The Cost of All Things

“I’m sorry,” I said. “I don’t know why I’m asking about all this stuff.”

 

 

“It’s okay,” she said. She even smiled a little bit. “I’d rather you ask than never ever mention it like it was some sort of horrible disease. I’m fine now.”

 

“Right,” I said. “Of course you are.”

 

“I have Jess and Diana and dancing—and I have you, too.” She said the last bit quickly, like she wasn’t sure if she was going too far, claiming me as hers.

 

She wasn’t going too far. I felt good—great, even—being in the list of things she lived for, because I felt the same way without realizing it: she fit into a hole in my life I hadn’t known I’d had until then. That was the moment I decided I wasn’t just going to think about kissing her, but I was actually going to do it.

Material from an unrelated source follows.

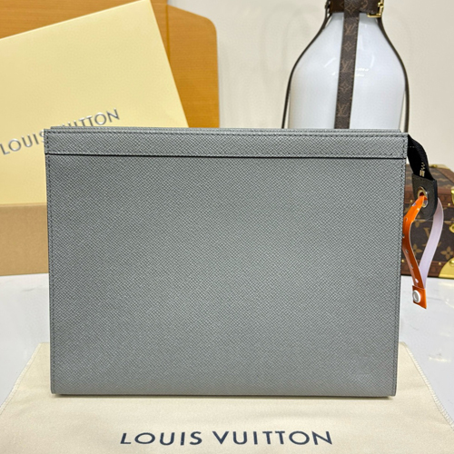 루이 비통의 포쉐트 보야주는 깊이 염색된 타이거(Taiga) 가죽으로 제작되어 세련되고 절제된 매력을 선사하는 클러치입니다. 견고하면서도 고급스러운 그레이 컬러의 타이거 가죽은 특유의 섬세한 십자형 그레인(cross-grain) 질감으로 시각적인 깊이와 뛰어난 촉감을 제공하며, 시간이 지날수록 더욱 멋스러운 에이징을 기대할 수 있습니다. 이 제품은 단순한 파우치를 넘어 다양한 스타일링과 활용이 가능한 아이템입니다.

I didn’t end up doing it for a little while longer, but the decision could be traced back to that conversation.

 

“I’m fine,” she said again, and elbowed me with her sharp, precise elbow.

 

But I didn’t believe her. She wasn’t fine, and neither was I.

 

 

 

 

 

 

 

 

We were not okay. After the bonfire, if I didn’t hear from Ari or Diana for a day, I’d start to get panicky—picturing Diana’s bruise or worse. That big black shadowy bird hovered over my head daily, threatening to swoop down and carry my friends away. I had to be on constant alert so that no one would get hurt again.

 

Now that I knew that they’d considered leaving town without me, I became convinced that they were trying to leave all the time. I pictured worse and worse things happening to them. It wasn’t enough that we spent time together. They really, really had to want to be around me, and not in some hypothetical future time. This moment. Before they could get any more great ideas.

 

But something was broken. We sat around at the ice cream shop where Ari worked or someone’s basement or Ari’s aunt’s coffee shop and didn’t talk to each other.

 

The thing was, I didn’t think Ari and Diana were talking to each other, either. Ari stayed silent and distant, gone someplace far away behind her eyes. Diana only smiled when she thought the rest of us weren’t looking, and spent the rest of the time touching her bruised face with a fingertip and wincing. No one said anything. It wasn’t fun.

 

I kept trying, though.

 

“You still look beautiful,” I told Diana. “And it’s healing fast.”

 

We were in Ari’s basement, the least finished of all our basements, with not even a tiny high-up window to let the summer sun in. Ari lay on her back behind the sofa trying to stretch her leg over her head, and Diana looked at her face through her phone’s camera. She was still beautiful. She had her red hair and clear skin and big eyes. She didn’t respond to me, though, and didn’t put down the phone.

 

If there was one thing I’d learned from Mina’s illness, it was proper bedside manner. So I’d been taking care of Diana—bringing her magazines and candy and occasionally one-sided conversations, so she could rest and recover.

 

I tried to give her a couple Tylenol and a water bottle from my bag. She waved them away. “I’m fine.”

 

“You know, that bruise, if it had been on me, would’ve made me look like a zombie. But it’s so obvious how pretty you are, it doesn’t matter about all that.”

 

“Okay, okay,” Diana said, finally putting down the phone. “I get it.”

 

“I was only saying—”

 

“And you’ve said it. I don’t need to hear it anymore.”

 

Ari spoke up from the floor. “Kay can tell me I’m beautiful if she really must.”

 

“You are beautiful. Like, seriously.”

 

Ari let out a single sharp ha. “You say that to everyone. You’re devaluing your compliments.”

 

“I mean it!” They both laughed then, more genuinely, until laughing hurt Diana’s face and she went back to pressing it slowly and carefully with a finger.

 

“Oh, I forgot to say. I got us tickets to Wicked in Boston!” I said.

 

Neither of them responded.

 

“I thought because you guys mentioned wanting to go to Boston at the bonfire. . . .”

 

“That wasn’t really what we had in mind,” Ari said, sitting up and cracking her back. “But thank you, Kay.”

 

“We’ll go, though, right? I mean my parents got us these tickets, and I don’t think they’re refundable. . . .”

 

Diana glanced at Ari, who shrugged. “I don’t know,” Diana said. “I’ve been busy.”

 

“Busy with what?”

 

She ignored the question. “But maybe there’s some guy you want to ask . . . like Cal Waters. . . .”

 

“To go see Wicked?”

 

Ari hugged a leg to her cheek. “I think that’s Diana’s way of asking if you’re going to see Cal again.”

 

“Oh.” I hadn’t thought of him much since the bonfire. “I don’t know if that’s a thing that’s going to be an ongoing, you know, thing.”

 

“That’s good,” Ari said. “I mean, he’s a Waters. I love Markos but you know what they’re like.”